[YOUR GOAL]: Check each line of the listing for the word "then" and report the ones that have it.

[DATASET]:
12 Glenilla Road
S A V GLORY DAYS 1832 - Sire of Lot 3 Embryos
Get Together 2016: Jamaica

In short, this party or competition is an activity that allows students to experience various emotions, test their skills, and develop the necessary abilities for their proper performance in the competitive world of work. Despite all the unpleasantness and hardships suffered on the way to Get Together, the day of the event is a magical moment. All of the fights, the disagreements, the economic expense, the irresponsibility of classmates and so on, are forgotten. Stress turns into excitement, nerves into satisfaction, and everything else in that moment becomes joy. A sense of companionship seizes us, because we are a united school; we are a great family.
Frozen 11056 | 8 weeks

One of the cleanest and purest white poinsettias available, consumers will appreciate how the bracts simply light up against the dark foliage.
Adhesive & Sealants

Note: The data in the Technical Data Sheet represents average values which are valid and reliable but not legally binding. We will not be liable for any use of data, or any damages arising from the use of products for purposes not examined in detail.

---

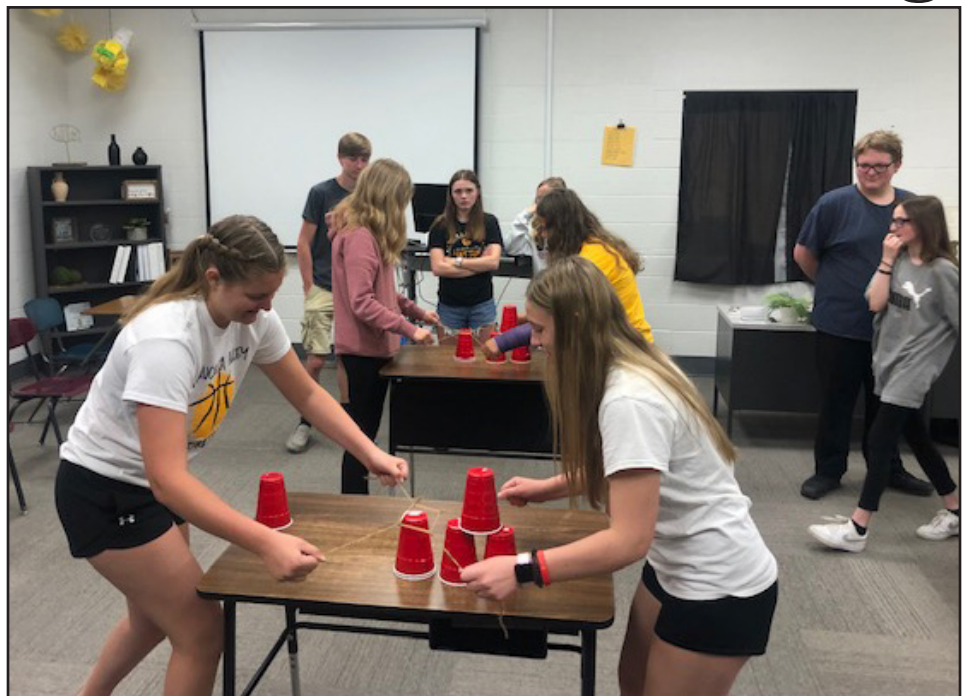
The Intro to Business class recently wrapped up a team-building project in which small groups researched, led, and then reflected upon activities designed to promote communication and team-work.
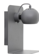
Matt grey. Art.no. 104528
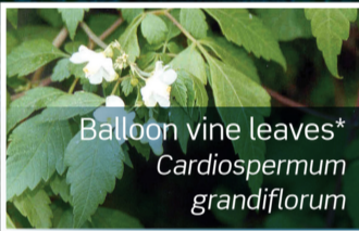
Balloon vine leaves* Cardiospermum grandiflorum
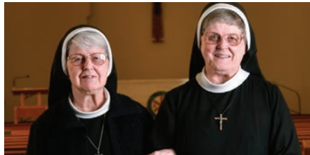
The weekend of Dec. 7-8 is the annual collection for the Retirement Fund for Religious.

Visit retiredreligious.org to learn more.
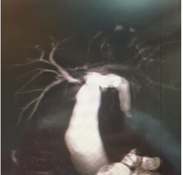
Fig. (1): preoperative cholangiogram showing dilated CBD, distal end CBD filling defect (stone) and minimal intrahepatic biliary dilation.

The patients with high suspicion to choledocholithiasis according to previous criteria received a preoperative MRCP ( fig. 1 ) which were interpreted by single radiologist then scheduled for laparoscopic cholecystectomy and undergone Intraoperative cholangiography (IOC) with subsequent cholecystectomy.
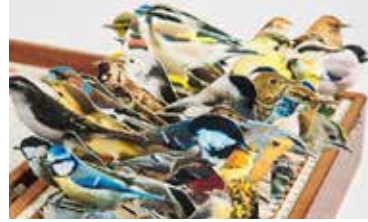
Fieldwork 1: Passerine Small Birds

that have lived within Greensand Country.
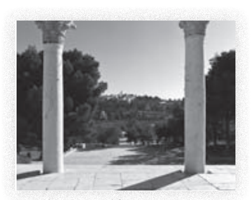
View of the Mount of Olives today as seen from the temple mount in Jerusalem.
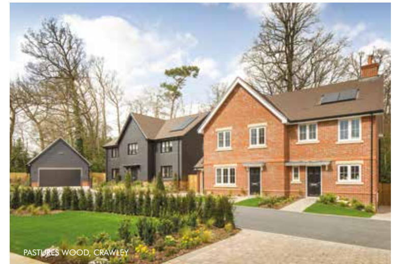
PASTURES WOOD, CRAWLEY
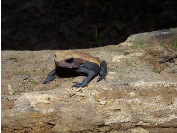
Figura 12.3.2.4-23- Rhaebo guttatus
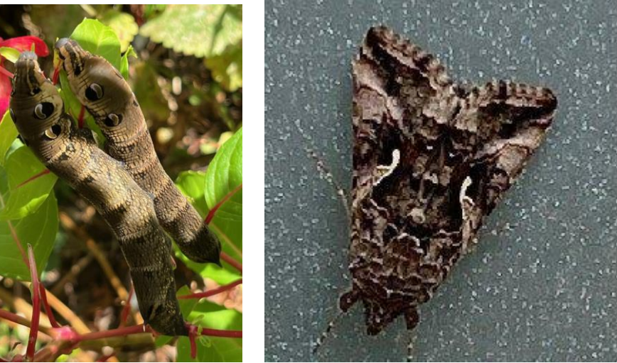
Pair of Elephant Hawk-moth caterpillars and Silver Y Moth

* * *

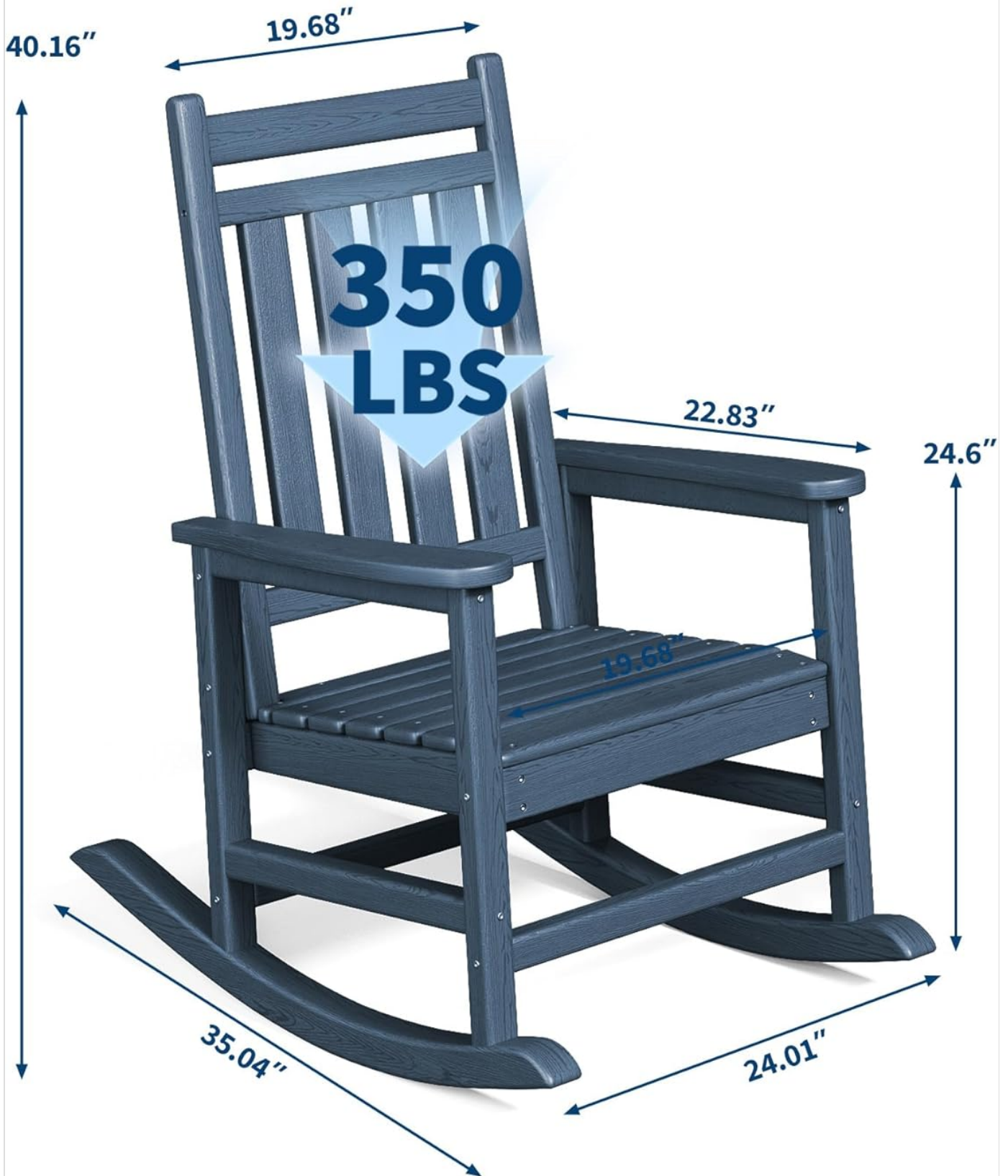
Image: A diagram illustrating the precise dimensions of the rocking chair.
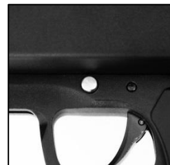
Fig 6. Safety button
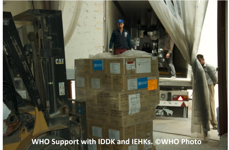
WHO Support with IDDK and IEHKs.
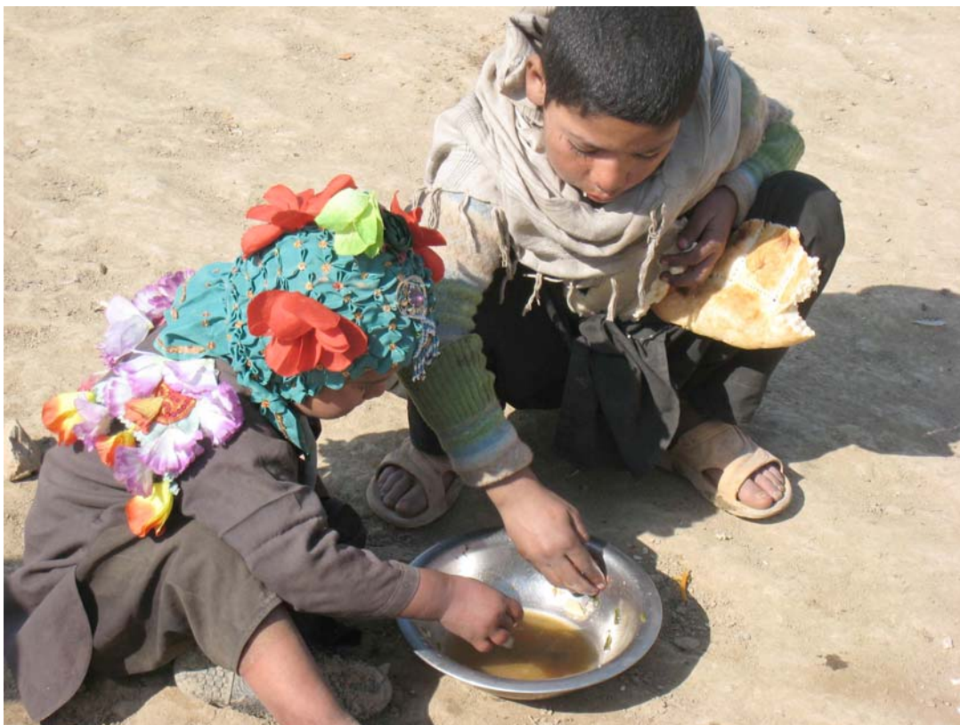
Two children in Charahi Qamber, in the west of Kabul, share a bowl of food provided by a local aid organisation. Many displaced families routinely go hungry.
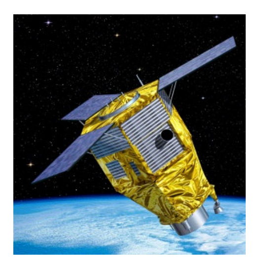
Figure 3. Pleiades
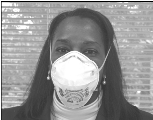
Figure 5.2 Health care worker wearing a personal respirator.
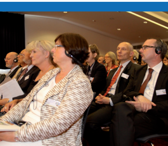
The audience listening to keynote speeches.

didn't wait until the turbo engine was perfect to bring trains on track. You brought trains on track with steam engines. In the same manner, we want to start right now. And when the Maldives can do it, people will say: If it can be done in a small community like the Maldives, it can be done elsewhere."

[SOLVED EXERCISE]:
The Intro to Business class recently wrapped up a team-building project in which small groups researched, led, and then reflected upon activities designed to promote communication and team-work.
The patients with high suspicion to choledocholithiasis according to previous criteria received a preoperative MRCP ( fig. 1 ) which were interpreted by single radiologist then scheduled for laparoscopic cholecystectomy and undergone Intraoperative cholangiography (IOC) with subsequent cholecystectomy.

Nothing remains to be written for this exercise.